In the opening paragraphs of “B-Boys of the Bronx, Dancing in the Street,” H. Jack Martin relates the thrill he felt watching a break-dance battle—for the uninitiated, see here and here—in my Lincoln Center nrighborhood last year:
“It totally blew my mind,” said Mr. Martin, 33, the assistant coordinator of young adult services for the New York Public Library. “We were all just, like, ‘We’ve gotta get this into the library.’”
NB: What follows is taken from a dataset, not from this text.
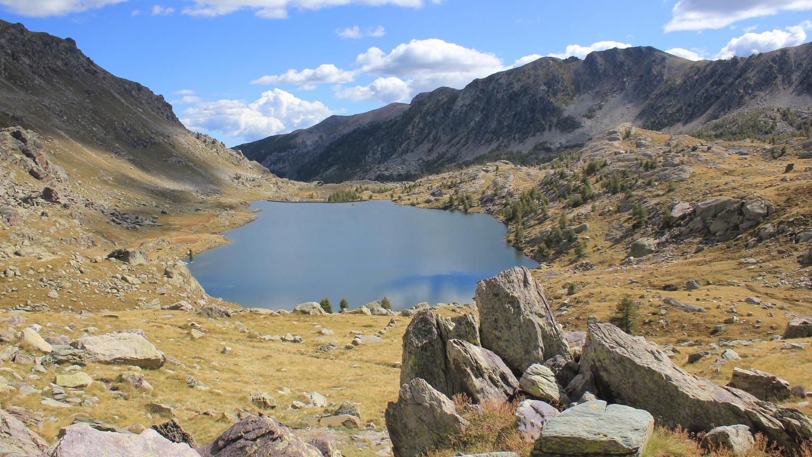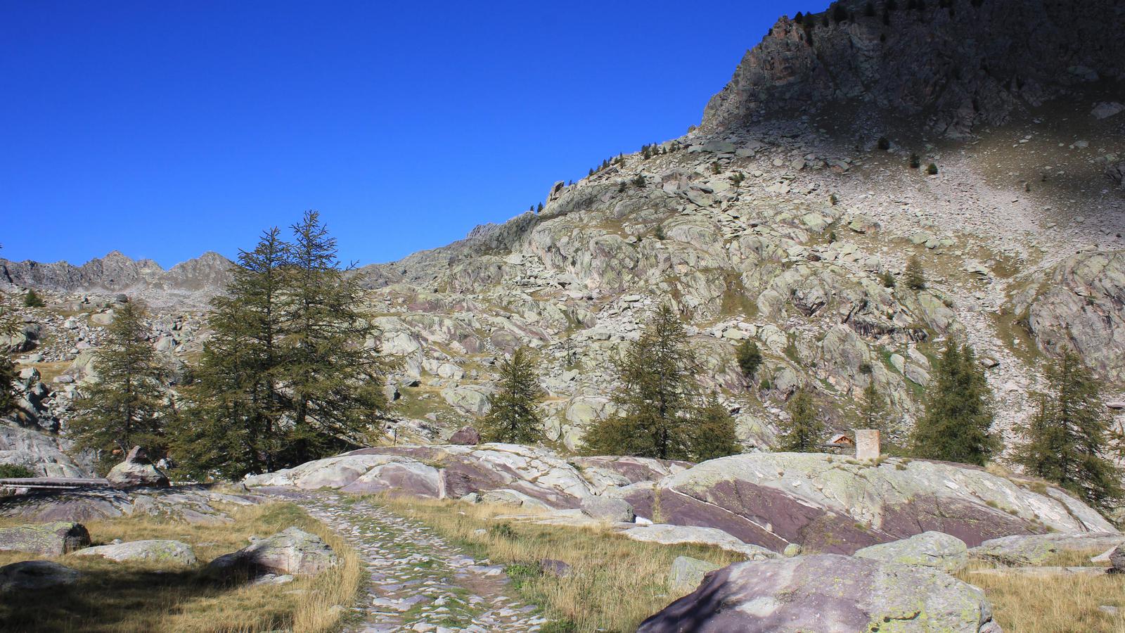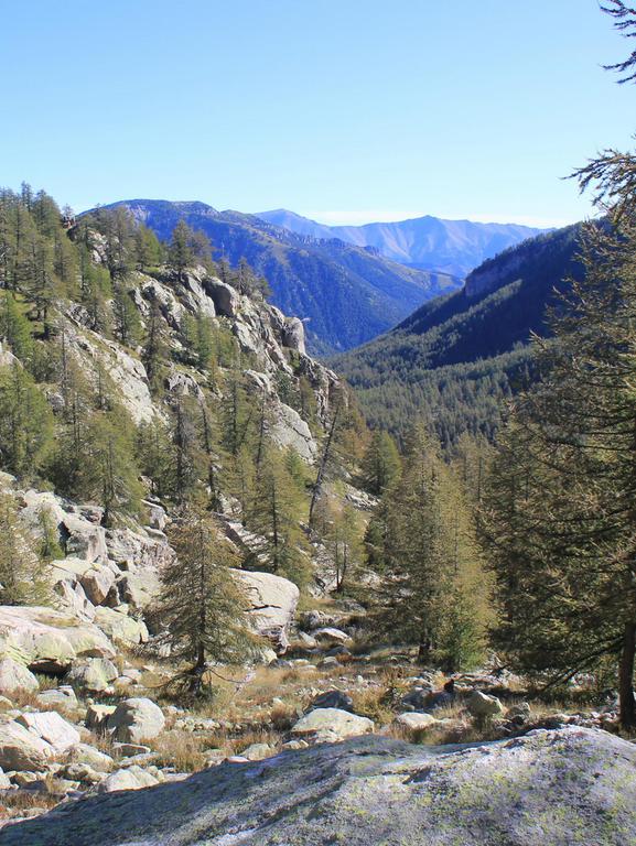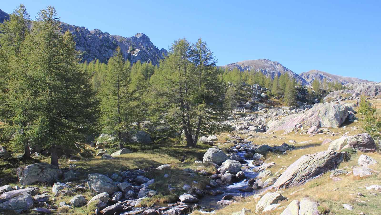 Une fois franchi ce passage éprouvant, nous découvrons un premier plateau couvert de mélèzes, puis un univers beaucoup plus minéral, constitué des fameuses roches sédimentaires vertes et violettes, dont nous avons vu des échantillons au musée des Merveilles. Nous arrivons au lac long inférieur, le mont Bégo est juste au dessus de nous.

Yes, by all means, let’s get this into…the library. Get out the bass-heavy boomboxes and throw down some cardboard. It isn’t as if anyone is attempting to concentrate at the library. More:
Little did he know: Breaking, the individualistic, physical form of dancing born in the South Bronx in the late 1970s as part of an explosion of hip-hop culture, has been a fixture at the library for decades, ever since a pioneering generation of entrepreneurial-minded B-boys brought the art form down to Fifth Avenue just below 42nd Street in the early '80s. It was one of the first points of infiltration for what has since become a cherished staple of Manhattan street culture.
A fixture for decades. I think I’m starting to see where things might have gone wrong with education in this country. (No, Ma, I didn’t get my book report done. How was I supposed to? I been at the library! Working on my headspin!) Nevertheless, let us swoon at the New York Times meticulously correct use of the term, B-boy.